§ WHAT YOU SHOULD DO
After finding "Aviso de Inexigibilidade" in the material below, output its line and every line after it through the last, exactly, but not the pictures.

§ PROVIDED DATA
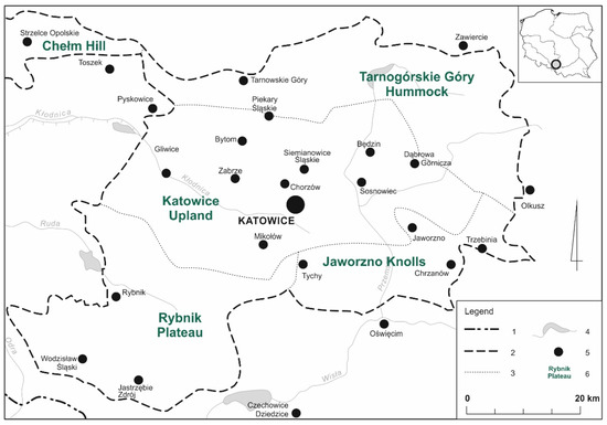 The location of the study area (south Poland), ([26]—modified): 1—state border, 2—border of the Silesian Upland, 3—minor geographical borders [28], 4—rivers and lakes, 5—towns and cities, 6—the name of physical and geographical regions.
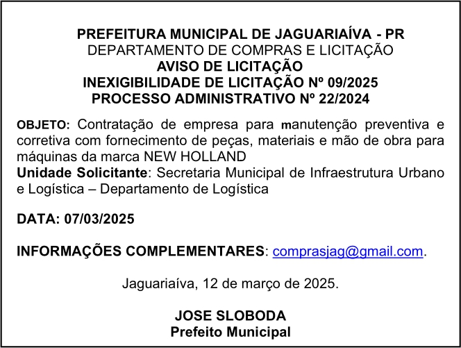 Aviso de Inexigibilidade de Licitação Nº 09/2025
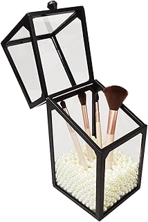 メイクブラシ 化粧道具 収納ケース ブラシスタンド ホルダー フタ付きボックス パール付属 (ブラック)
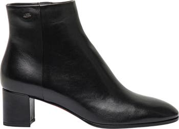Refined on the eye and versatile at heart, this ankle boot brings Santoni's artisanal finesse to the everyday. Crafted from fine leather with a luxuriously tactile and resistant surface, its silhouette is slender yet easy to wear, featuring a tapered toe and a robust block heel. Finished with a discreet inner zipper to preserve the shoe's sleek, uninterrupted lines.

§ RESPONSE AREA
 Aviso de Inexigibilidade de Licitação Nº 09/2025
 メイクブラシ 化粧道具 収納ケース ブラシスタンド ホルダー フタ付きボックス パール付属 (ブラック)
Refined on the eye and versatile at heart, this ankle boot brings Santoni's artisanal finesse to the everyday. Crafted from fine leather with a luxuriously tactile and resistant surface, its silhouette is slender yet easy to wear, featuring a tapered toe and a robust block heel. Finished with a discreet inner zipper to preserve the shoe's sleek, uninterrupted lines.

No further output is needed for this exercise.